To benefit from tail-call optimization you have to reorganize the code. Here's one way to do it:

void bar(struct node *curr, struct node *prev, int pass)
{
    if (pass == 1) printf("%d\n", curr->data);
    if (pass > 1) return;

    /* reverse current node */
    struct node *next = curr->next;
    curr->next = prev;

    if (next) {
        /* tail call with current pass */
        bar(next, curr, pass);
    } else {
        /* end of list reached, go over list in reverse */
        bar(curr, NULL, pass+1);
    }
}

This function assumes that the end of the list is signaled by NULL. The list is traversed in two passes: first to reverse it in-place, second to print the elements and reverse it again. And, as far as I can tell, gcc -O3 does a tail-call optimization so the algorithm runs in constant space.

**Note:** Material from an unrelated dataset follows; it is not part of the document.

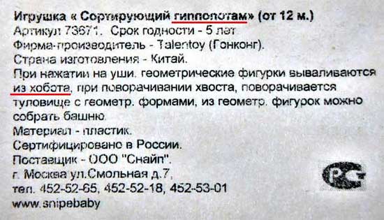 Впрочем, замечает Наташа, в этом случае можно приобрести чудесного сортирующего гиппопотама с хоботом.
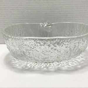 Nice, clear glass dish with crystal ice textured exterior, and smooth interior.

To call this function use:

bar(&e1, NULL, 0);

Answer 2

Update: this answer is misleading (please downvote it!), it's only true if you cannot modify the data structure.

It's impossible. Recursion and constant space are contradictory requirements in this task.

I understand you would like to use TCO, but you can't as you have extra work to do after the recursive call.

From wikipedia http://en.wikipedia.org/wiki/Tail_call:

In computer science, a tail call is a subroutine call that happens inside another procedure as its final action.